Dataset content:

————————

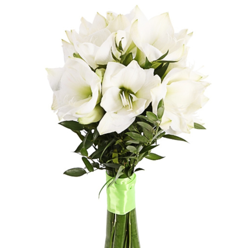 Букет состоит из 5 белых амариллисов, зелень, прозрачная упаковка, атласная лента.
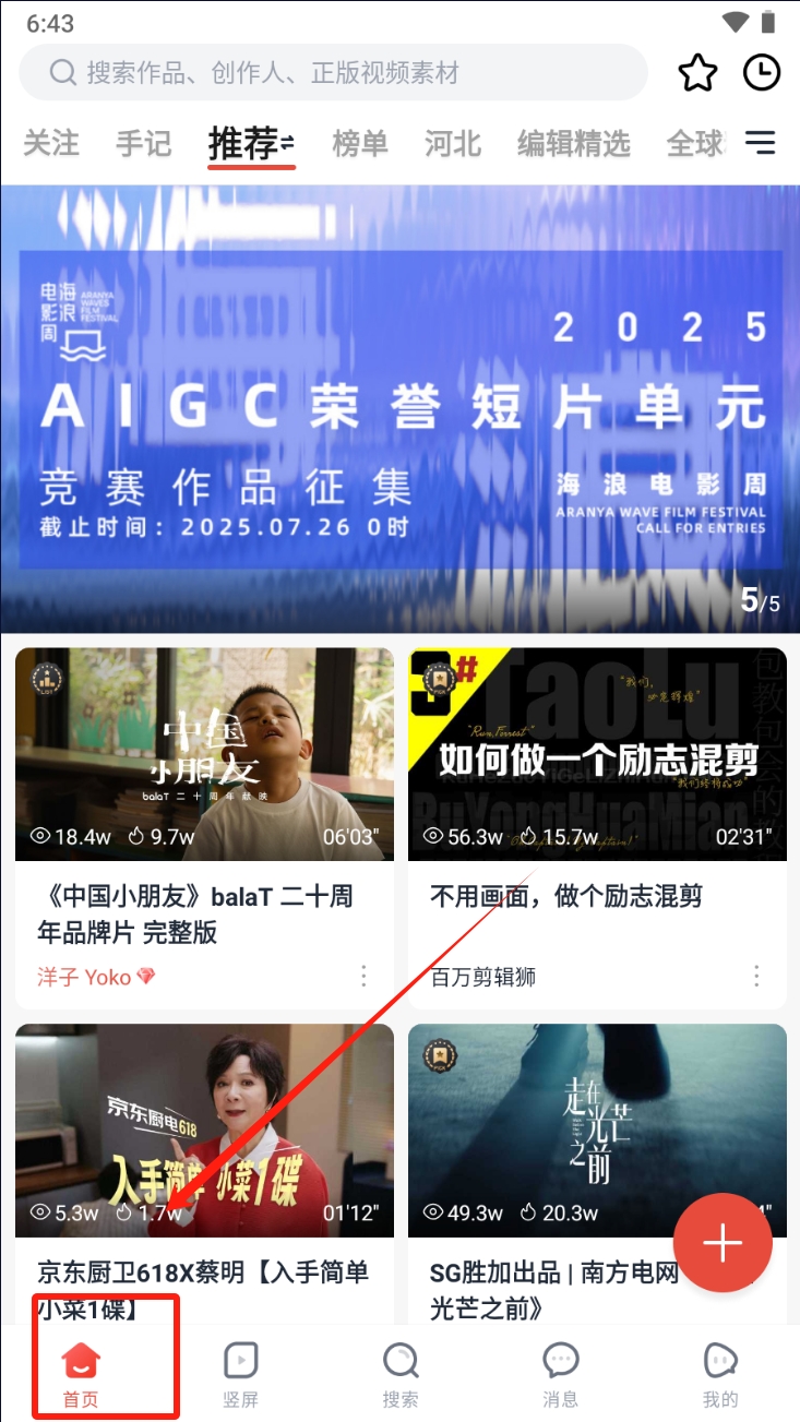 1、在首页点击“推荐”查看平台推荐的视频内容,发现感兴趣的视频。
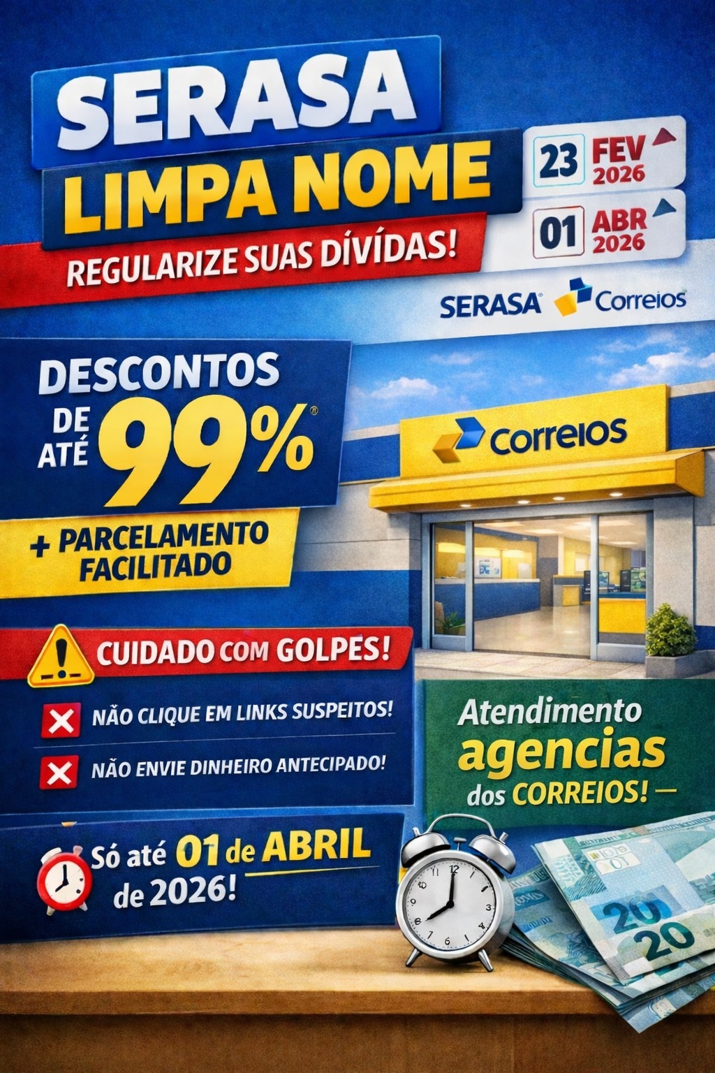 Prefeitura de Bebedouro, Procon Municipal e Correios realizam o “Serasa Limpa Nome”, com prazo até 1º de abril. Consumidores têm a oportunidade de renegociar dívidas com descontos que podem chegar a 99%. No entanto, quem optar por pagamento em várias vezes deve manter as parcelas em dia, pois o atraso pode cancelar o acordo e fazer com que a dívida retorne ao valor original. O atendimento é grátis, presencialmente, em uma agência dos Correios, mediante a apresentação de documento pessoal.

————————

Task item: Leaving each image aside, repeat the listing above exactly.

Worked solution:
 Букет состоит из 5 белых амариллисов, зелень, прозрачная упаковка, атласная лента.
 1、在首页点击“推荐”查看平台推荐的视频内容,发现感兴趣的视频。
 Prefeitura de Bebedouro, Procon Municipal e Correios realizam o “Serasa Limpa Nome”, com prazo até 1º de abril. Consumidores têm a oportunidade de renegociar dívidas com descontos que podem chegar a 99%. No entanto, quem optar por pagamento em várias vezes deve manter as parcelas em dia, pois o atraso pode cancelar o acordo e fazer com que a dívida retorne ao valor original. O atendimento é grátis, presencialmente, em uma agência dos Correios, mediante a apresentação de documento pessoal.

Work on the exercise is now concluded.